The court noted that the Regulation allowed the Special Tribunal to adopt a summary procedure, eliminate committal proceedings, and record only a memorandum of evidence, among other deviations from ordinary law. However, it was highlighted that in the present case, the warrant procedure was followed, and evidence was recorded in full. The court held that the mere possibility of discriminatory application was not sufficient to invalidate the Regulation; actual discrimination had to be shown.
2. Continuation of Trial Post-Constitution: The appellant argued that the continuation of the trial after January 26, 1950, when the Constitution came into force, was invalid as the Special Tribunal Regulation conflicted with Articles 14 and 21. The court examined whether the discriminatory provisions of the Regulation were applied after the Constitution came into effect. It was held that if the trial continued without applying the discriminatory provisions, the conviction could stand. However, if discriminatory provisions were applied, the conviction would be invalid.

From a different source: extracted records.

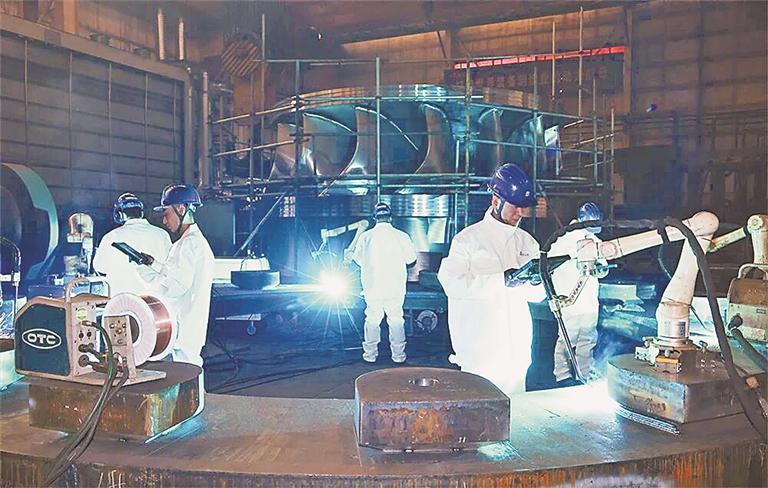 技术突破之路并非坦途。2024年项目启动初期,由党员骨干、技能专家与工艺技术人员组成的联合攻关团队,面临着焊接精度控制、复杂轨迹摆动等诸多挑战。他们从让机器人“复现”优秀焊工精湛技艺起步,与设备供应商紧密协作,对控制系统进行持续迭代优化。至今年3月,协作机器人已完全适应实际生产需求,验证了技术路线的可行性。为实现成果快速转化与推广,哈电电机成立自动化应用精益小组,并建立“种子人才”培养机制,通过专题培训、经验共享等形式,构建起高效的问题解决与人才孵化体系。同时,公司组织智能制造工艺部、产品设计部,系统梳理优化影响自动化焊接的前端工艺要素,为规模化应用扫清障碍。其间,团队累计攻克技术难题29项,并于2025年8月、9月先后突破工艺通用化、底环支墩焊接等关键工艺技术,逐渐使协作机器人真正具备了集群作战的能力。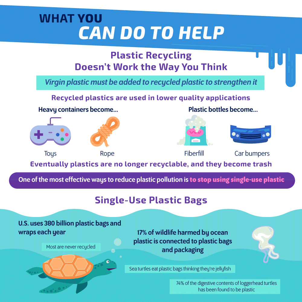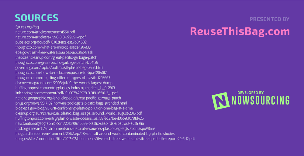 Jika sebuah gambar mampu mengungkapkan seribu kata, maka bayangkan apa yang bisa dilakukan oleh gambar dan kata-kata secara bersamaan. Paparan infografis berikut ini adalah salah satu contohnya. Dibuat oleh ReuseThisBag.com, gambar yang menarik dengan tulisan yang informatif ini dibuat dengan tujuan untuk memberikan pengetahuan tentang limbah plastik di lautan yang sudah menjadi masalah serius untuk generasi kita saat ini dan generasi masa depan.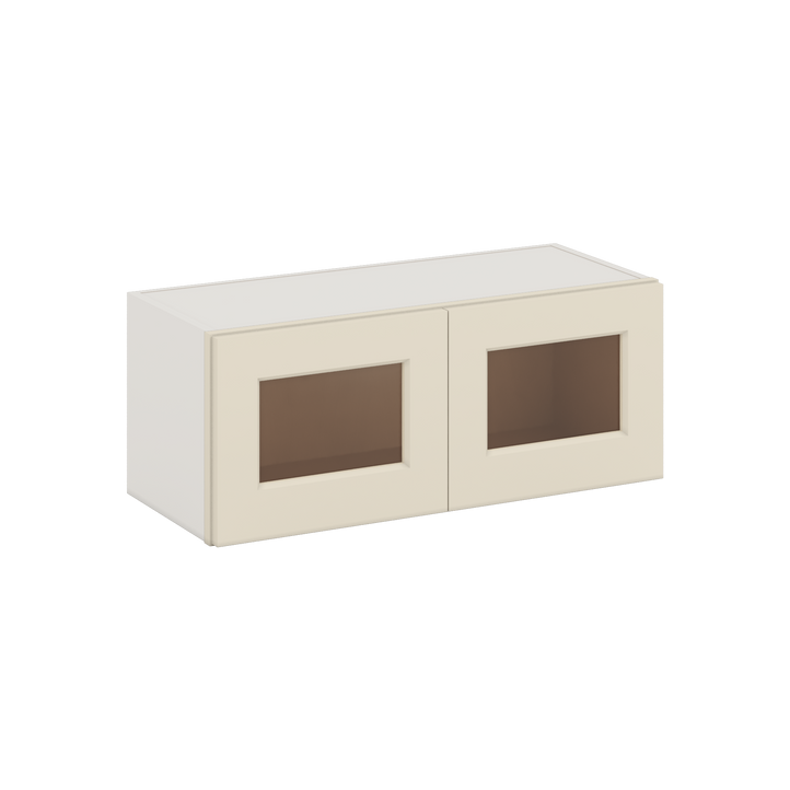 30" Wide Bridge Vanilla Cream Shaker 1-1/4" Overlay Wall Glass Cabinet - Double Door 12", 15", 18", 21" & 24" Tall
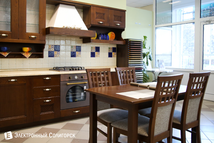 Массив (дуб, ясень, ольха, сосна) – превосходный материал для изготовления кухни. Дерево специально обрабатывается, что позволяет ему выдержать как повышенную влажность, так и перепады температур.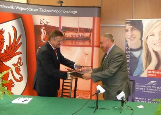 Marek Hok - członek zarządu województwa oraz prof. Waldemar Żarski - rektor PWSZ podczas uroczystości przekazania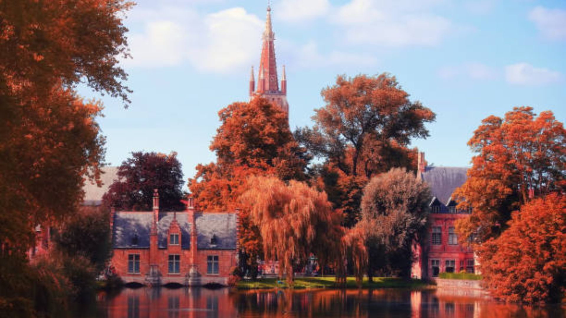 Bruges is essentially a medieval open-air museum, and autumn adds a layer of coziness that fits its architecture perfectly. The ivy covering the historic Godshuis almshouses turns a deep, blood-red, reflecting in the green water of the canals.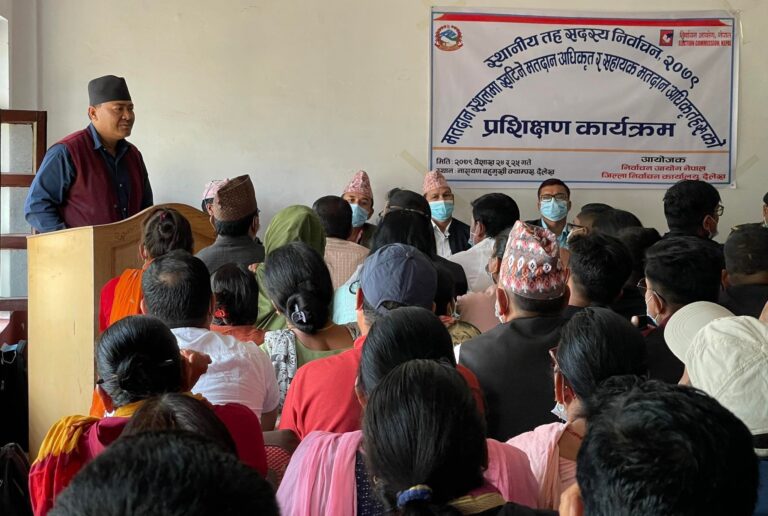 जिल्लाका दुई सय १० मतदान केन्द्रमा खटिने चार सय २२ मतदान अधिकृत र सहायक मतदान अधिकृतसहित जगेडामा रहेका थप १४ गरी चार सय ३६ जनालाई तालिम दिइएको हो । मतदान हुनुभन्दा पहिला खटाइसकेपछि र मतदानका दिन गर्नुपर्ने कामका बारेमा तालिममा सिकाइएको थियो । उनले भने, “मतदानपूर्व गर्ने, मतदानका दिन गर्ने, मतदानपश्चात् मतपेटिका सिल गर्नेबारे र मतदानको दिनभन्दा अगाडि सर्वदलीय बैठक बोलाउने लगायत विषयमा जानकारी गराइएको छ ।”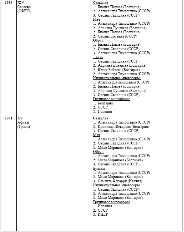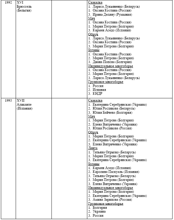 С 1963 по 1991 год чемпионаты мира по художественной гимнастике проводились один раз в два года (по нечетным годам). А по четным годам, начиная с 1978 года по 1992 год, проводились чемпионаты Европы. Первой чемпионкой Европы стала омская гимнастка Галима Шугурова. С 1992 года чемпионаты мира и Европы стали проводиться ежегодно (табл. 1).
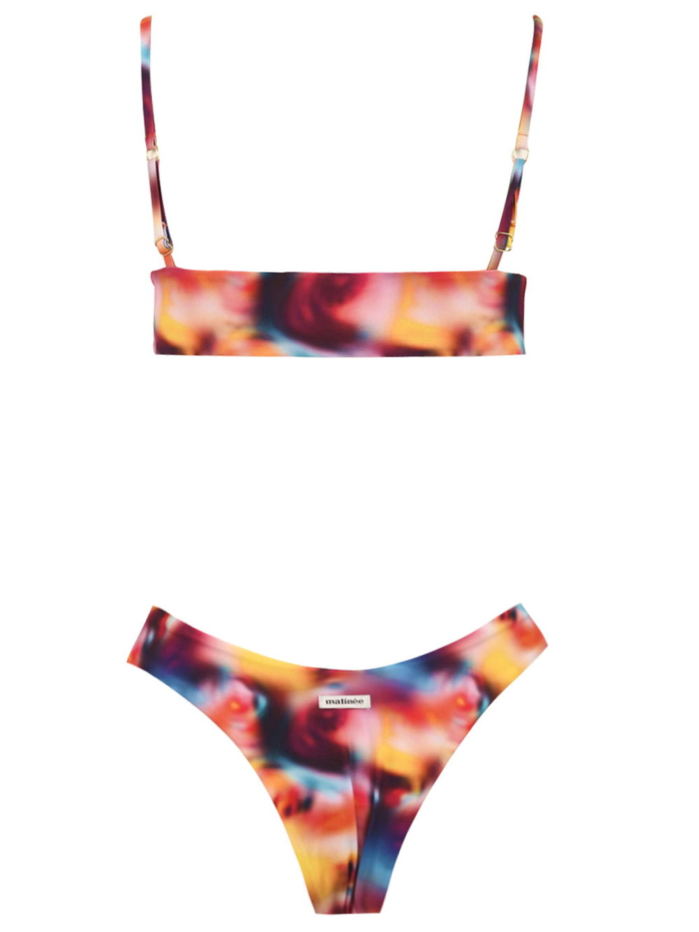 Il Costume donna modello Dora Tie Dye sui toni dell'arancione firmato Matinée è perfetto per chi vuole essere trendy in spiaggia. Slim fit con top a canotta con coppe estraibili e bretelle regolabili per un comfort ottimale. Lo slip regolare e la stampa all over sui toni dell'arancio rendono questo costume unico e originale. Prendilo al volo!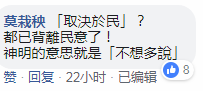 不过也有人解释称,蔡当局已背离民意了,神明的意思就是“不想多说”。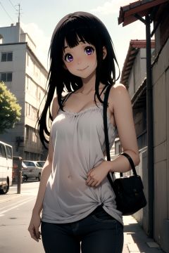 masterpiece,best quality,extremely detailed 8K wallpaper,1girl,purple eyes,Chitanda Eru,looking at viewer,standing,outdoors,closed mouth,close-up,smile,casual,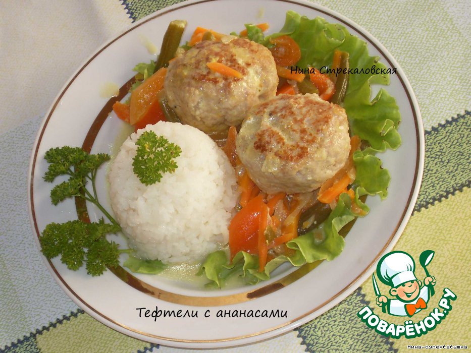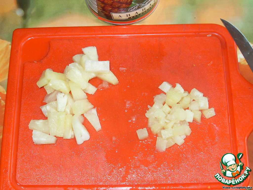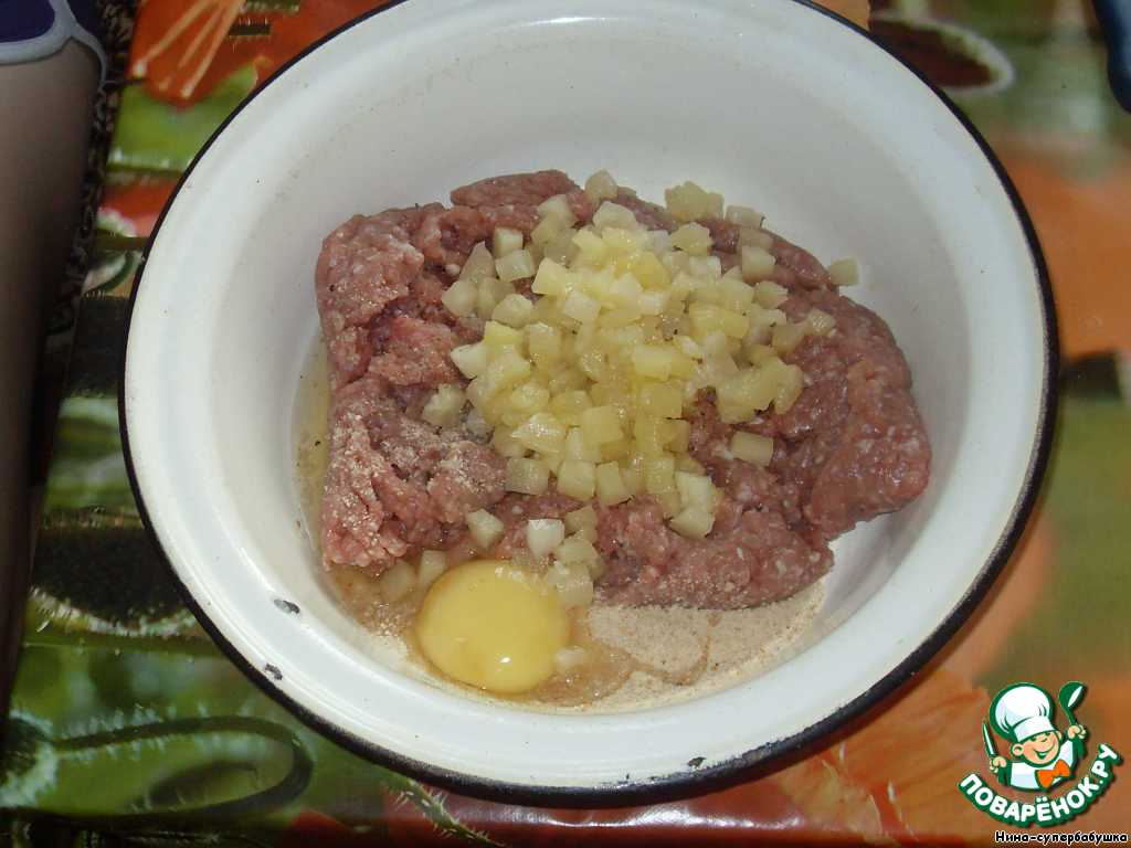 Фарш смешать с сухарями, яйцом, обжаренным кунжутом и кусочками ананасов. Добавить соль и перец по вкусу.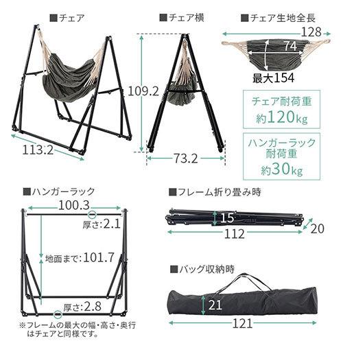 ハンモック・チェア・ハンガーラックとマルチに活躍する3WAY。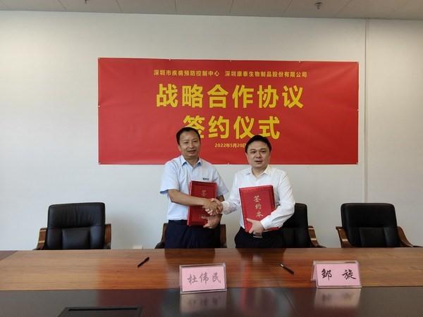 深圳市疾控中心党委书记、主任邹旋;康泰生物董事长杜伟民共同出席此次签约仪式。

The court found that the trial procedure followed post-Constitution was substantially the same as the ordinary law, and no discriminatory provisions were applied. Therefore, the trial was not vitiated, and the resulting conviction and sentence were upheld.
3. Violation of Article 21: The appellant contended that the trial was not conducted in accordance with the procedure established by law, as required by Article 21. It was argued that the Military Governor had no authority to refer individual cases to the Special Tribunal. The court rejected this argument, stating that Section 3 of the Regulation empowered the Military Governor to direct the Special Tribunal to try any offence, including individual cases.
4. Severability of Discriminatory Provisions: The court considered whether the discriminatory provisions of the Regulation could be severed from the rest of the Regulation. It was held that if the discriminatory provisions could be eliminated while still securing a fair trial under the ordinary law, the trial could continue. In this case, since the discriminatory provisions were not applied, the trial was valid.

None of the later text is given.